- _Work to complete_: Repeat the data that follows, word for word, without the images.

--- Data below ---

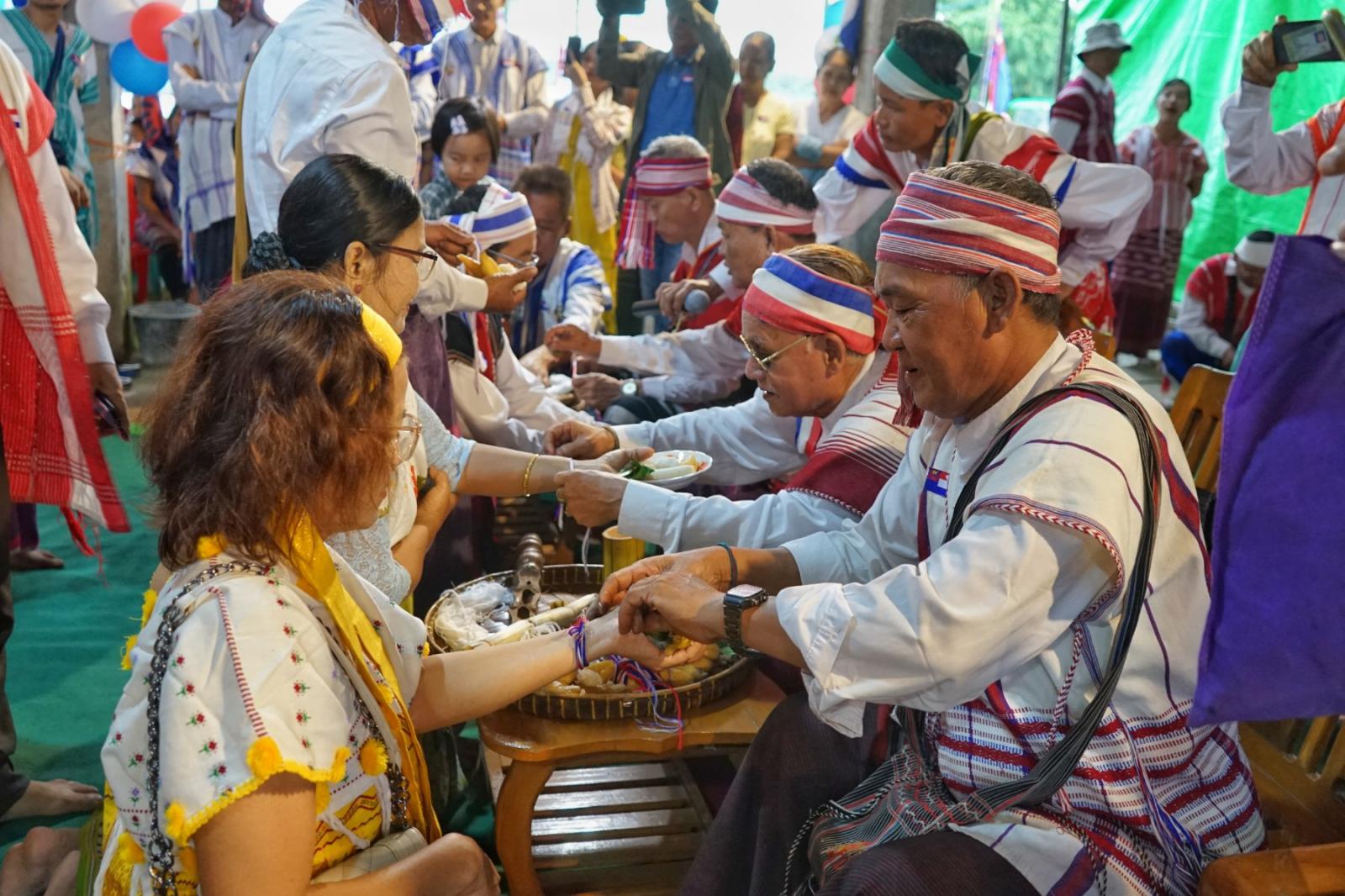 ချည်ဖြူဖွဲ့မင်္ဂလာပွဲတော်တွင် ကရင်အမျိုးသားအလံတော်အား လွှင့်ထူအလေးပြုကြပြီး၊ ကျိုက္ကော်ဓမ္မဒူတသုခိတာရုံကျောင်းတိုက် ပဓာနနာယကဆရာတော် အဂ္ဂမဟာသဒ္ဓမဇောတိကဓဇ ဘဒ္ဒန္တသုဓမ္မထံမှ တက်ရောက်လာသူတို့က သြဝါဒစကားများ နာကြားကြသည်။
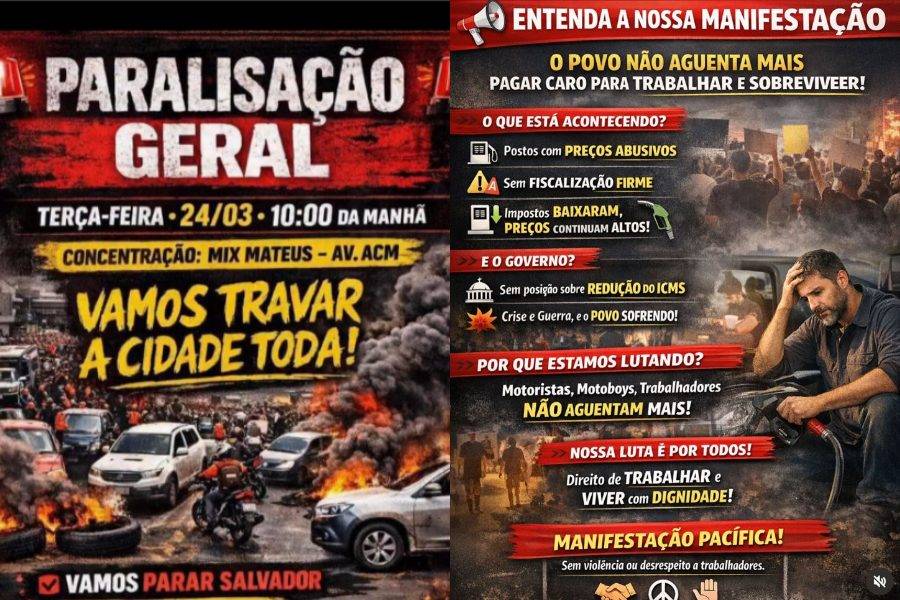 A convocação foi divulgada pelo perfil do Instagram ratosdapistassa, que reúne motoristas e entregadores por aplicativo. Segundo a organização, o ato deve seguir em direção ao Centro Administrativo da Bahia (CAB).
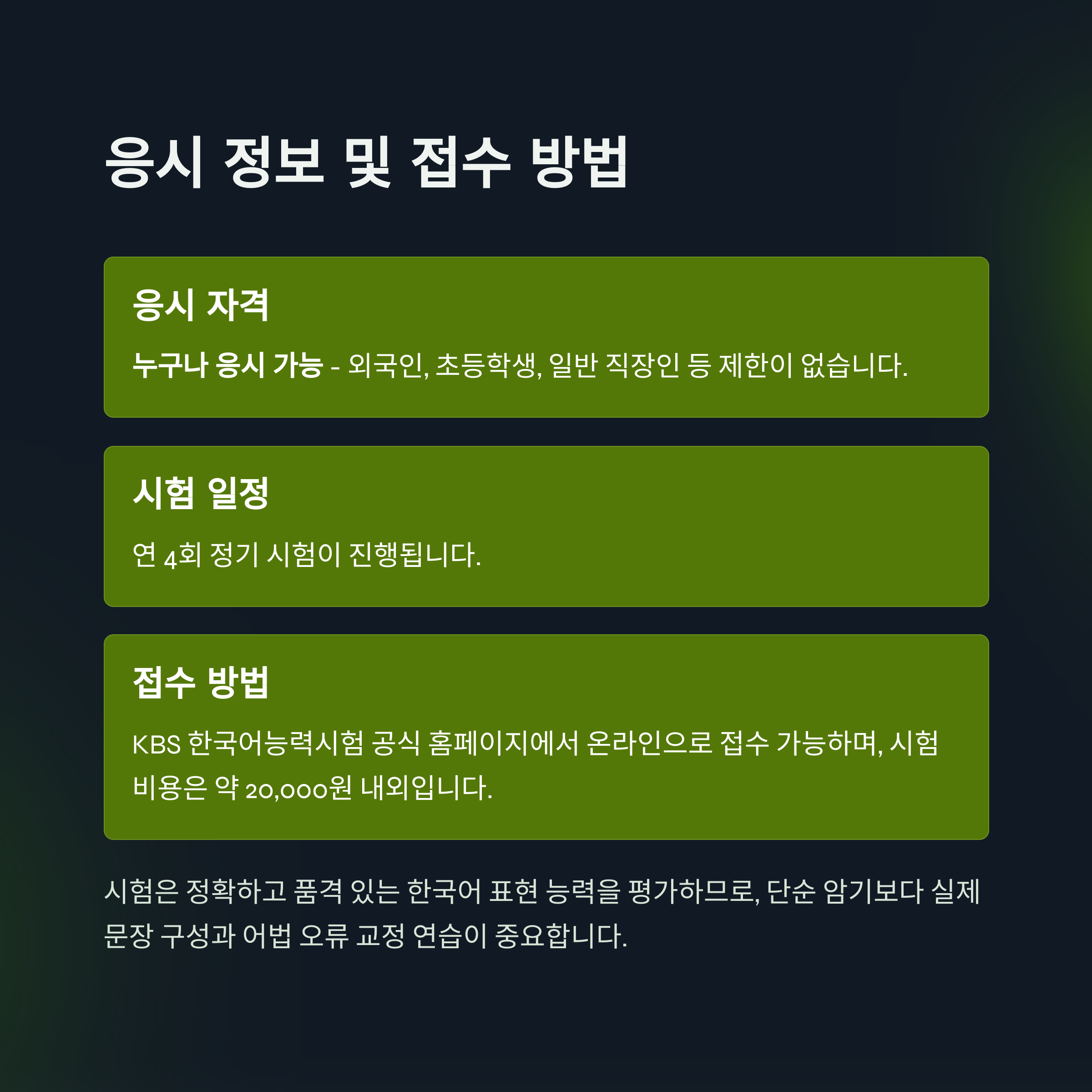 접수는 KBS 한국어능력시험 공식 홈페이지에서 온라인으로 가능하며,

---

- _Response_:
 ချည်ဖြူဖွဲ့မင်္ဂလာပွဲတော်တွင် ကရင်အမျိုးသားအလံတော်အား လွှင့်ထူအလေးပြုကြပြီး၊ ကျိုက္ကော်ဓမ္မဒူတသုခိတာရုံကျောင်းတိုက် ပဓာနနာယကဆရာတော် အဂ္ဂမဟာသဒ္ဓမဇောတိကဓဇ ဘဒ္ဒန္တသုဓမ္မထံမှ တက်ရောက်လာသူတို့က သြဝါဒစကားများ နာကြားကြသည်။
 A convocação foi divulgada pelo perfil do Instagram ratosdapistassa, que reúne motoristas e entregadores por aplicativo. Segundo a organização, o ato deve seguir em direção ao Centro Administrativo da Bahia (CAB).
 접수는 KBS 한국어능력시험 공식 홈페이지에서 온라인으로 가능하며,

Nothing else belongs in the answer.